Parades, Union Jack themed barbecues, angry protests, and reflective vigils — it’s 2024, and Jan. 26 in Australia remains a day that inspires many different reactions across the nation.
Formally Australia Day but also known as Invasion Day or Survival Day, the date marks the violent arrival of British settlers to the continent in 1788, and it has a long history as a political flashpoint for Indigenous affairs.
This year, a First Nations advocacy group in Darwin decided to go bigger — with a hybrid protest for Indigenous Australians, Palestinians and the people of West Papua, which was annexed by Indonesia decades ago, leading to a prolonged conflict.
“Yes, Invasion Day is the reason why we’re all here today, but we must go beyond that,” said Mililma May, who runs the group, a nonprofit called Uprising of the People.
Ms. May, a Kulumbirigin Danggalaba Tiwi woman, said that what was needed for all groups were practical and tangible ways to understand colonialism. By bringing separate protest movements together with a common goal “to demand land back,” she said she hoped Jan. 26 would unify oppressed groups and appeal to a broader cross-section of Australians.
It’s also an effort meant to bring attention back to unresolved issues.
In the months after the failure of the Indigenous Voice to Parliament referendum — devised to enshrine an Indigenous advisory group in the Australian Constitution — First Nations issues have dropped off the mainstream news agenda and slid down the government’s to-do list.
William Tilmouth, an Arrernte man and a founder of Children’s Ground, a First Nations education organization, said the conversation about Indigenous rights had died down post referendum, making the subject even harder to broach for First Nations people.

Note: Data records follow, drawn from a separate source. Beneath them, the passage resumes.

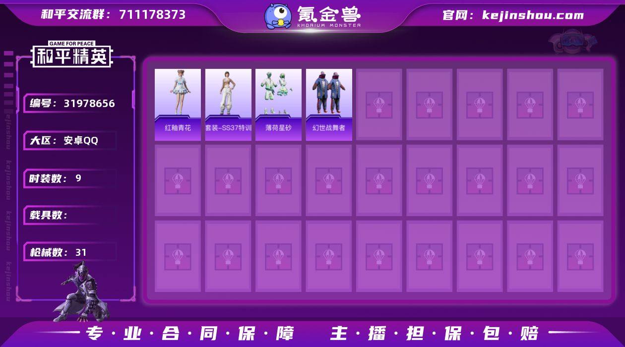 【6特效枪练手小号 秒换绑不用等】 安卓Q区-6848热力值--9套装-31枪皮 【6特效枪】 Mk14-福马献瑞(5级) AA12-G-萌骑幻想(1级) UMP45-萌骑冒险(2级) PKM-萌骑夺宝(1级) ACE32-萌骑漫游(2级) MG-36-虹云熊熊(3级)【26热门】 MG3-幻世战舞者 AA12-G-雨过天青 沙漠之鹰-雨过天青 M16A4-雨过天青 Vector-荒原烈焰 雨过天青 MG-36-薄荷星砂 GROZA-福马献瑞 福马献瑞 M200-罪夜之冕 ACE32-冰晶雪宝 蝎式手枪-虹云熊熊 魂电 蜜獾-启元战纹 马上有钱 Mk47-虹云熊熊 狙击之神 M417-虹云熊熊 M416-小财神当家 小财神当家 破片手榴弹-小财神当家 平底锅-小财神当家 SS37特训 AMR-雨过天青 PKM-雨过天青 红釉青花【1飞行器】 炫彩糖果飞行器【2背包】 甜蜜菠萝背包(3级) 炫彩糖果背包(3级) 营地ID:1039413027
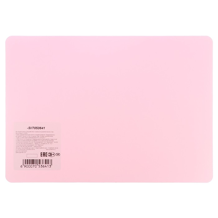 Доска для лепки Calligrata убережет стол от намокания и загрязнений, оставленных пластилином, глиной, красками, фломастерами и прочими красящимися предметами. Производится из жесткого прочного пластика толщиной 1000 мкм, к которому не липнет пластилин. Гладкая фактура материала устойчива к царапинам.
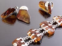 Komplet biżuterii z serii „Riveted”. Nowatorskim rozwiązaniem jest tu pomysł na łączenie bursztynu ze srebrem za pomocą nitów, a nie tradycyjnego zakuwania bądź wklejania kamienia.

“We’re 20 meters behind the starting gun,” he said. “We start from the back and have to run harder just to get up.”
Historically, Jan. 26 has served as a source of momentum for First Nation’s rights, Mr. Tilmouth said, but the referendum’s failure had handicapped Indigenous people this year.
“It’s not talked about much,” he said.
Yet the holiday remains politically contentious. In the weeks leading up to Jan. 26, supporters of Australia Day celebrations took to social media to drum up nationalist sentiment, for example, condemning big business for “anti-Australian” marketing decisions, such as supermarket chains reducing holiday merchandise. (The supermarkets have attributed the reduction to declining demand.)
Mr. Tilmouth maintains that Jan. 26 is a day that could and should be leveraged to promote justice and reconciliation, respect and recognition, rather than a day of celebration. Such values, he said, had application beyond Australia, with racism and oppression — “regardless of who, or where and when” — doing no one any favors.
It was time for humans to start working together, he said: Global warming would be calling the shots from here on.
“Nature really is the great equalizer,” he said.
In Darwin, where a cyclone threatens to drench the city, Ms. May kept close watch on the weather forecast. She expected a few hundred people to turn out in support of the hybrid protest, but knew their planned action was ultimately at the whim of the forces beyond their control.
“A little bit of rain won’t stop us,” she said. “But we’re assuming Country will be on our side.”